Real example of self-correction (Claude Code’s actual behavior):

Turn 1:
User: "Read the extended thinking docs"
Agent: [calls read tool]

Turn 2:
Error: "File content (30043 tokens) exceeds limit (25000).
        Use offset and limit parameters to read in portions."

Turn 3:
Agent: [adapts] "I'll read it in chunks"
       [calls read with offset=0, limit=200]
       [continues until complete]

Errors don’t break the loop—they enable intelligence.

As your system grows, keep schemas and executors together.

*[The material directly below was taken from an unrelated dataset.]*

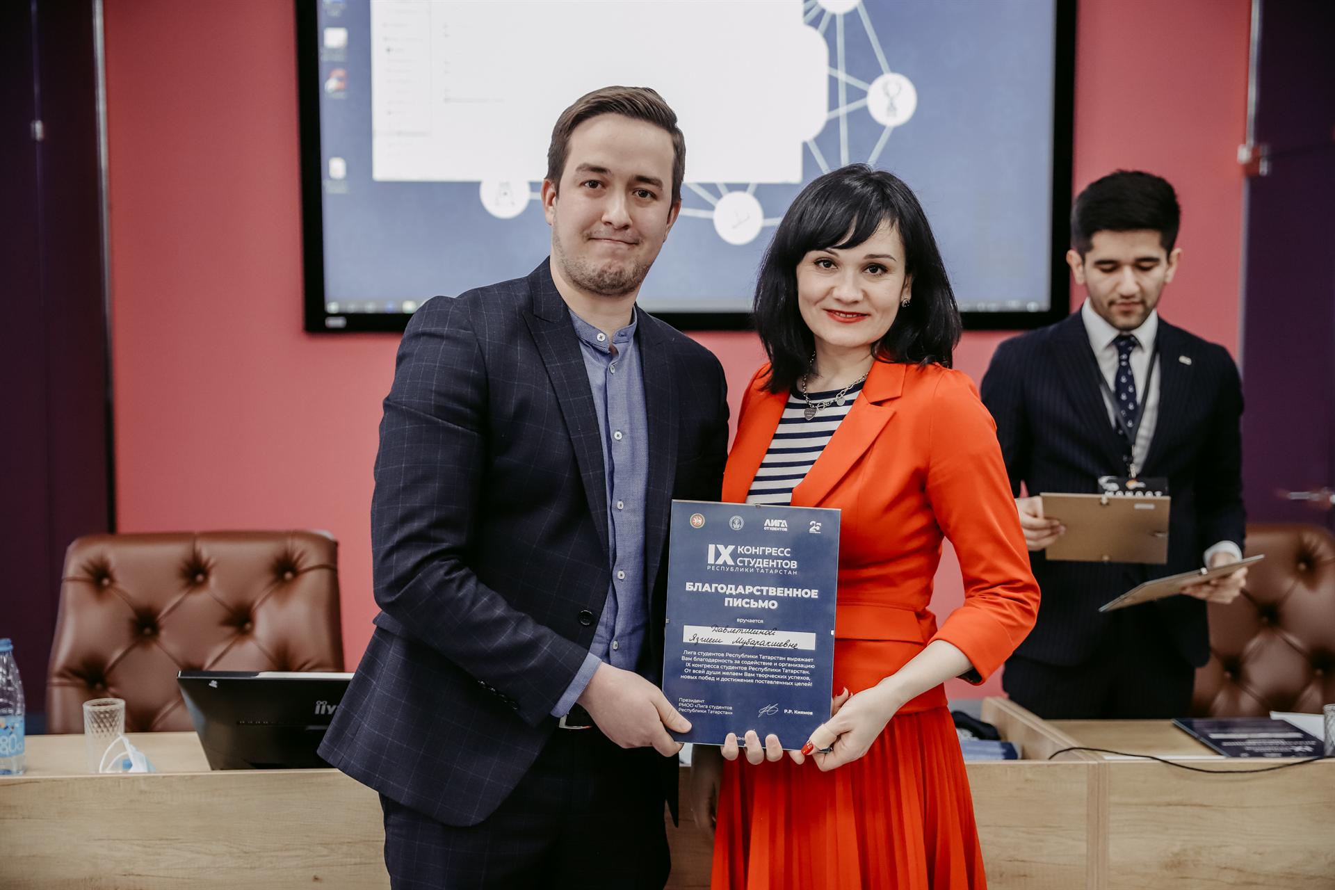 Руководителю пресс-службы КГЭУ Язглем Давлетшиной вручили Благодарственное письмо РМОО «Лига студентов РТ» за активное участие в работе тематической площадки.

Here’s the recommended file structure:

project/
├── tools/
│   ├── __init__.py         # Auto-collects all tools
│   ├── search.py           # Search: schema + executor
│   └── weather.py          # Weather: schema + executor
└── main.py                 # Your agent code

Each tool file contains both schema and executor:

# tools/search.py
from anthropic.types import ToolParam

TOOL_SCHEMA = ToolParam({
    "name": "search_web",
    "description": "Search the web for information",
    "input_schema": {
        "type": "object",
        "properties": {"query": {"type": "string"}},
        "required": ["query"]
    }
})

async def search_execute(tool_use):
    query = tool_use["input"]["query"]

    if not query.strip():
        return {"success": False, "error": "Query cannot be empty"}

    results = await search_api(query)
    return {"success": True, "content": f"Found: {results}"}

Auto-collect in tools/__init__.py:

from .search import TOOL_SCHEMA as search_schema, search_execute
from .weather import TOOL_SCHEMA as weather_schema, weather_execute

TOOLS = [search_schema, weather_schema]
EXECUTORS = {"search_web": search_execute, "weather": weather_execute}

Then use in your main code:

from tools import TOOLS, EXECUTORS

response = await client.messages.create(messages=messages, tools=TOOLS)

This organization scales to hundreds of tools without scattered code or if/elif chains.

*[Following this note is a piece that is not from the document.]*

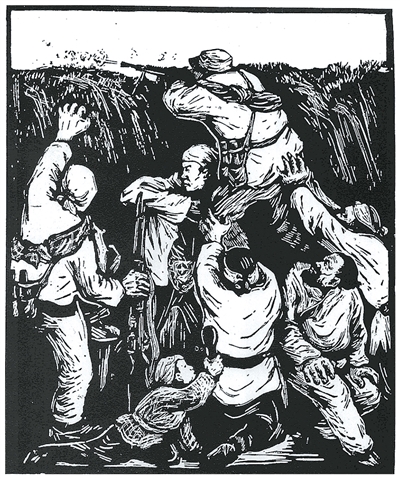 当敌人搜山的时候(黑白木刻)彦 涵作

Tool design is arguably the most important part of building production agents—the quality of your tools directly determines what your agent can accomplish. Beyond data fetching, tools can be creative instruments for reasoning and interaction. The think tool, for instance, doesn’t fetch data at all—it gives Claude space to pause mid-sequence and reason about tool results before deciding next steps, enabling sophisticated sequential decision-making (following the chain-of-thought pattern).

Similarly, you might design a clarify_question tool that prompts users when their intent is ambiguous, or a propose_options tool that presents multiple choices (“Did you mean option A, B, or C?”) with descriptions and lets users select. These interactive tools transform agents from simple request-response systems into collaborative problem solvers that guide users through complex workflows. The schema you write, the errors you craft, and the creativity you bring to tool design—these are what separate basic implementations from production-grade systems.

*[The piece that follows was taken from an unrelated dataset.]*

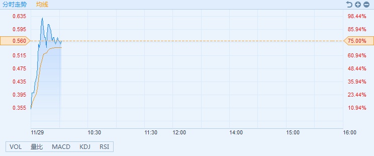 截至10时01分,新体育涨75%,报价0.56港元,成交额682.48万。

The Multi-Turn Loop: Autonomy Through Iteration

The loop is what transforms a single API call into an autonomous agent. It repeatedly invokes Claude, executes tools, and builds conversation history until the task completes naturally. Four critical aspects define production loops: loop control (preventing infinite execution), message management (building the history correctly), context engineering (avoiding token overflow), and user interaction (display vs. blocking tools).

The loop continues until Claude’s stop_reason is "end_turn" instead of "tool_use". A max_steps limit prevents infinite loops (set to 10-20 for most tasks). The loop yields progress events to the frontend, enabling real-time UI updates showing which tools are being used. When max steps is reached, Claude receives feedback and makes one final call to gracefully summarize.

async def run_agent_loop(messages, max_steps=15):
    """Agent loop that yields progress events for frontend"""
    step = 0

    while True:
        step += 1

        # Check if max steps reached
        if step > max_steps:
            messages.append({
                "role": "user",
                "content": f"You have used {max_steps} steps. Please summarize what you've accomplished."
            })

            final_response = await client.messages.create(messages=messages, max_tokens=4096)
            yield {"type": "complete", "response": final_response}
            return

        # Call Claude
        response = await client.messages.create(
            messages=messages,
            tools=TOOLS,
            max_tokens=4096
        )

        # Extract content for progress events
        tool_calls = [b for b in response.content if b.get("type") == "tool_use"]
        text_blocks = [b.get("text") for b in response.content if b.get("type") == "text"]

        # Yield assistant message to frontend
        if text_blocks:
            yield {"type": "assistant_message", "content": " ".join(text_blocks)}

        # Yield tool execution events (for non-display/interactive tools)
        if tool_calls:
            tool_names = [tc["name"] for tc in tool_calls]
            yield {"type": "tools_executing", "tools": tool_names}

        messages.append({"role": "assistant", "content": response.content})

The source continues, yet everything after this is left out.